Obama on Tuesday announced that the size of that Pacific monument would be increased nine-fold, to nearly 782,000 square miles—enough to double the area of ocean that’s fully protected from fishing and energy exploration. “Like Presidents Clinton and Bush before me I am going to use my authority as president to protect some of our most precious marine landscapes, just like we do for mountains and rivers and forests,” Obama told the State Department’s Our Oceans summit.

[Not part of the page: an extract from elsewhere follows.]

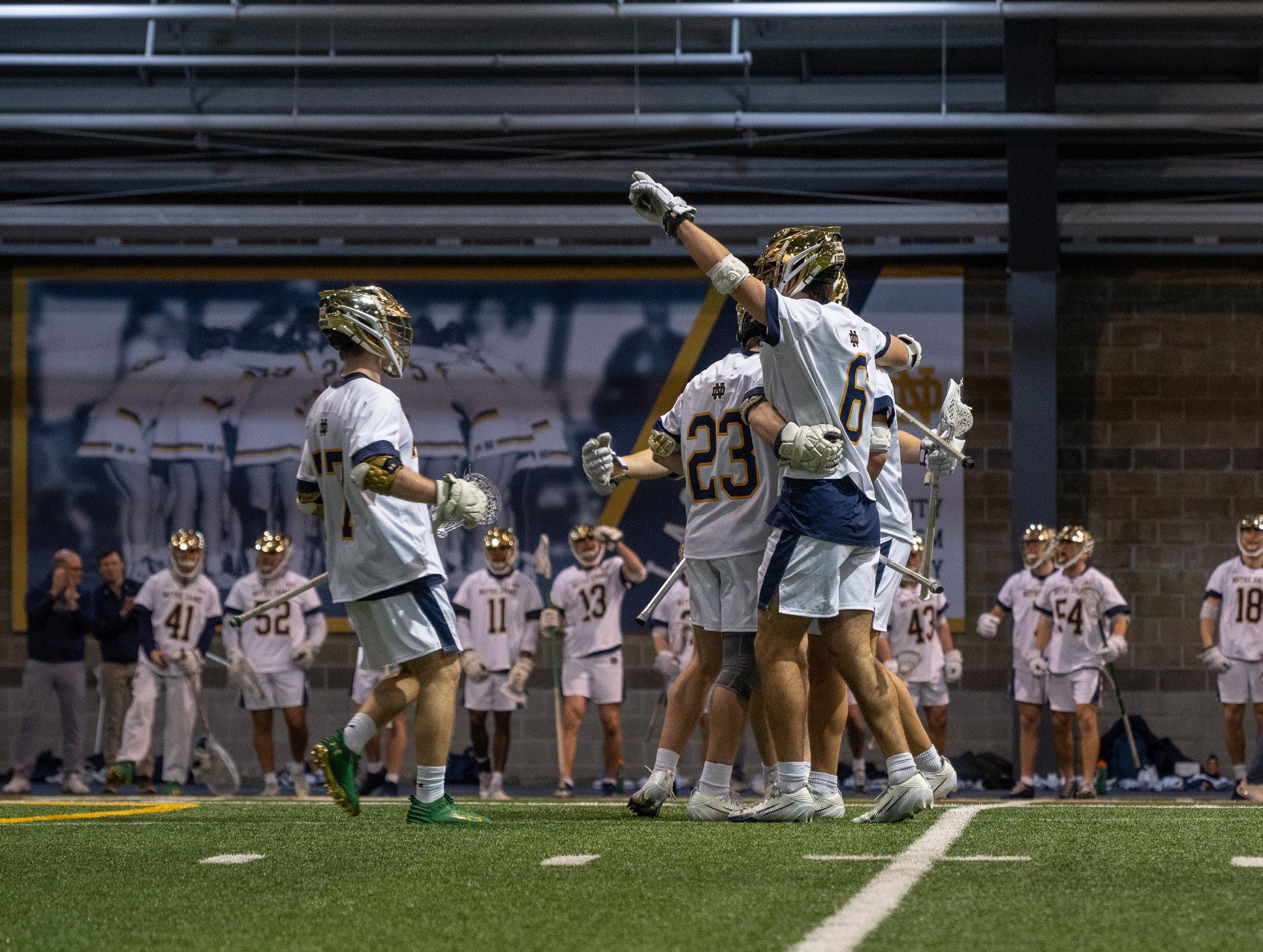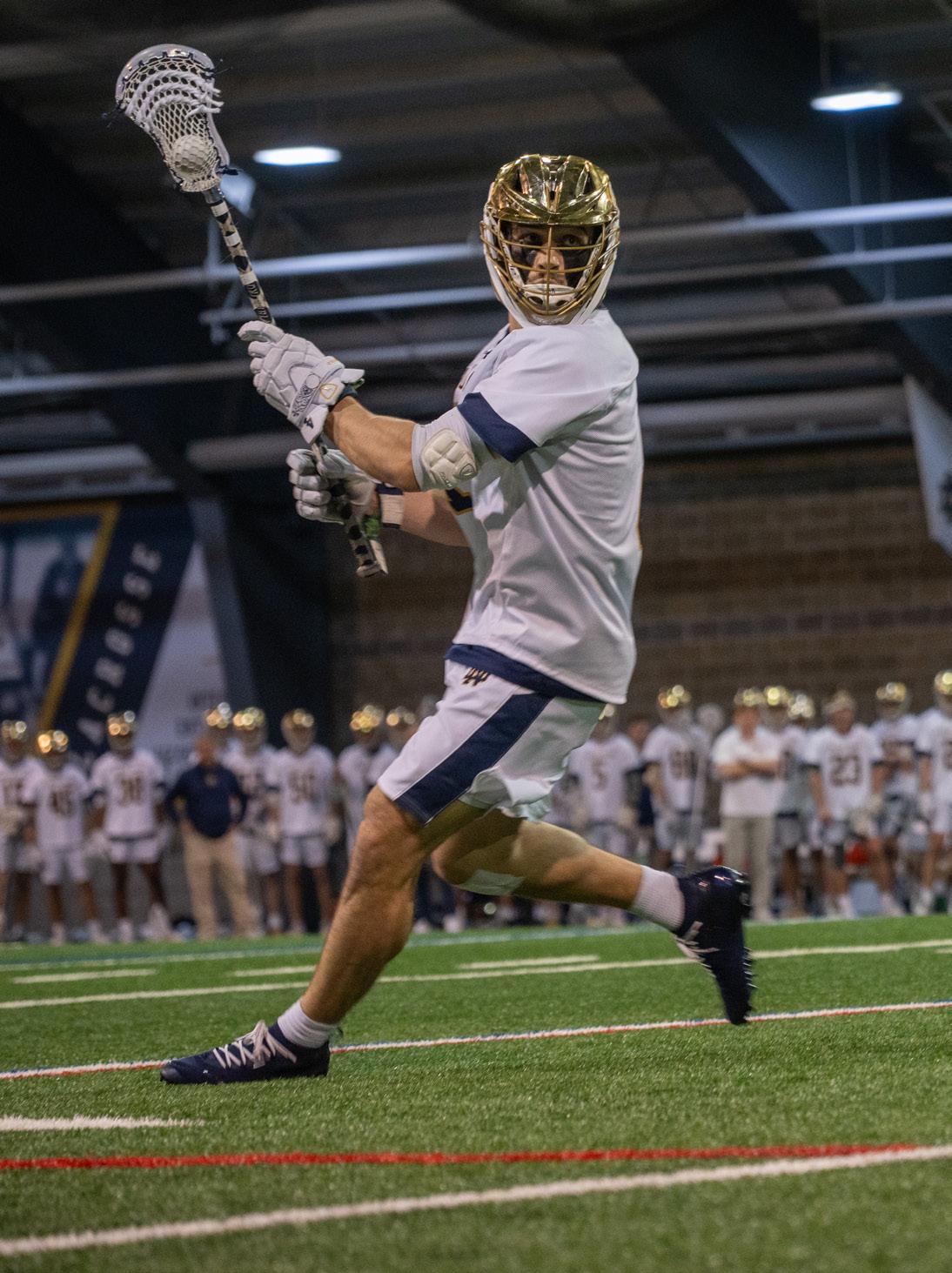 at three. Freshman FOGO Aidan Diaz-Matos won the faceoff, passed it to graduate attackman Josh Yago, and Yago got it to freshman midfielder Miguel Iglesias, who converted on the shot attempt to tie it up. It ended the Irish’s 11-minute scoring drought, and from that point, the Irish didn’t look back. The Irish went on a 5-1 scoring run to end the second quarter, getting a goal from graduate midfielder Will Angrick, freshman attackman Teddy Lally, junior midfielder Brock Behrman, and two goals from Yago. Angrick, Lally and Yago also picked up assists in that stretch. The Irish went into the halftime locker room up 8-4.
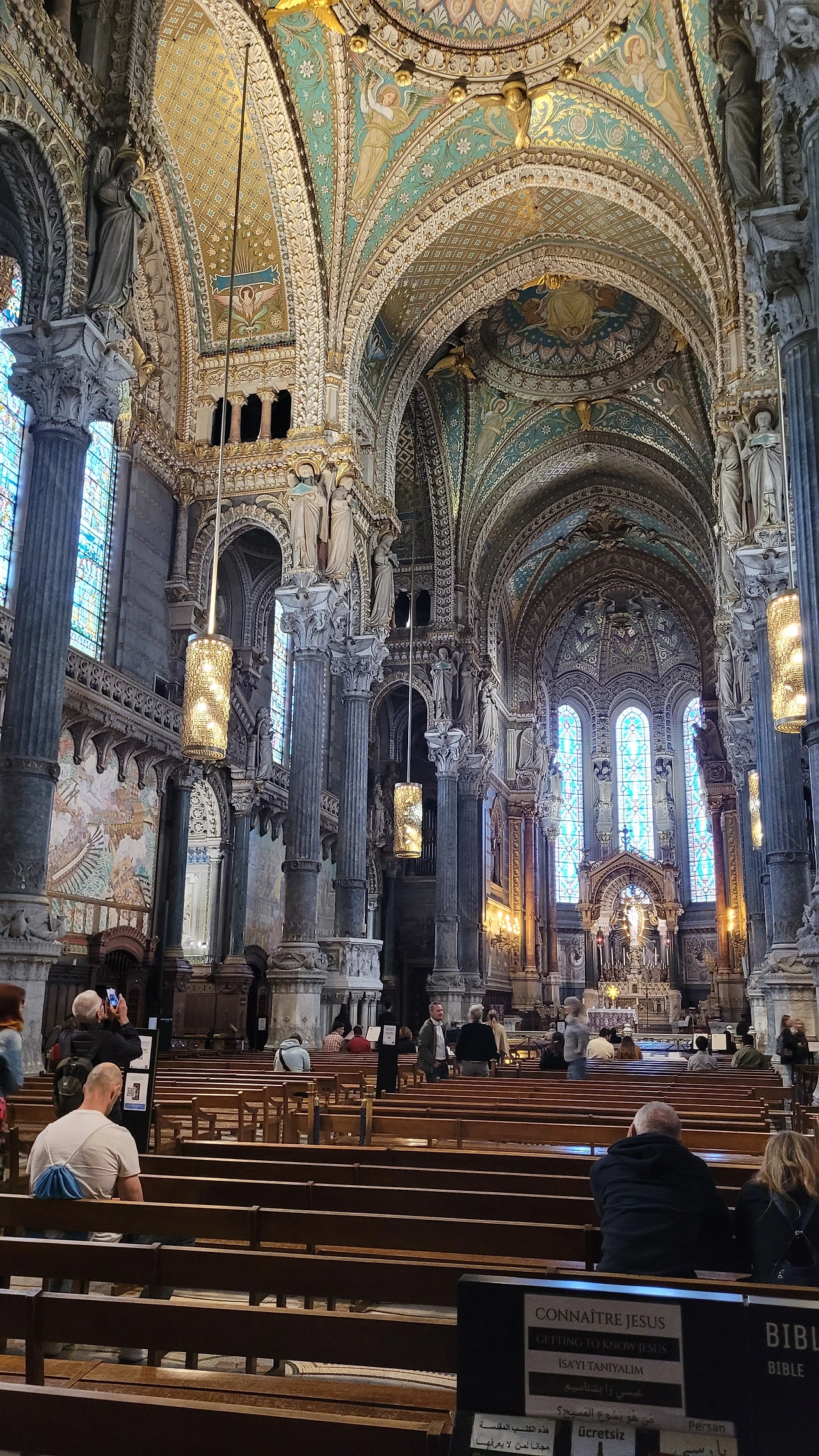 이 중 푸비에르 노트르담 성당은 내가 지금껏 본 성당 중 가장 화려한 성당이었다. 천장을 보면 천장도 화려하고 조명도 화려하고 스테인드글라스도 화려하고 솔직히 과하다. 경건한 마음으로 기도가 나오지 않을 것 같은;; 하지만 다음 날 오전에 미사를 드리러 옴. :)

Republicans claim Obama is abusing his executive powers. “It’s another example of this imperial presidency,” House Natural Resources Committee Chairman Doc Hastings told the Washington Post’s Juliet Eilperin. “If there are marine sanctuaries that should be put in place, that should go through Congress.” However, the Antiquities Act of 1906 lets the president protect marine monuments without congressional approval. Bush used that authority on four occasions during his administration, including the creation of the Pacific Remote Islands Marine National Monument

Obama will also issue executive actions to fight illegal fishing and will accept public nominations for new sanctuaries in the oceans and Great Lakes. Still, only a little over 3 percent of U.S. territorial waters are protected as marine reserves, with most of the rest open to fishing and other uses. But other countries are looking to create similar sanctuaries. At the U.S. State Department’s oceans summit this week, the small island nation of Kiribati announced it would ban commercial fishing with a marine park that's roughly the size of California.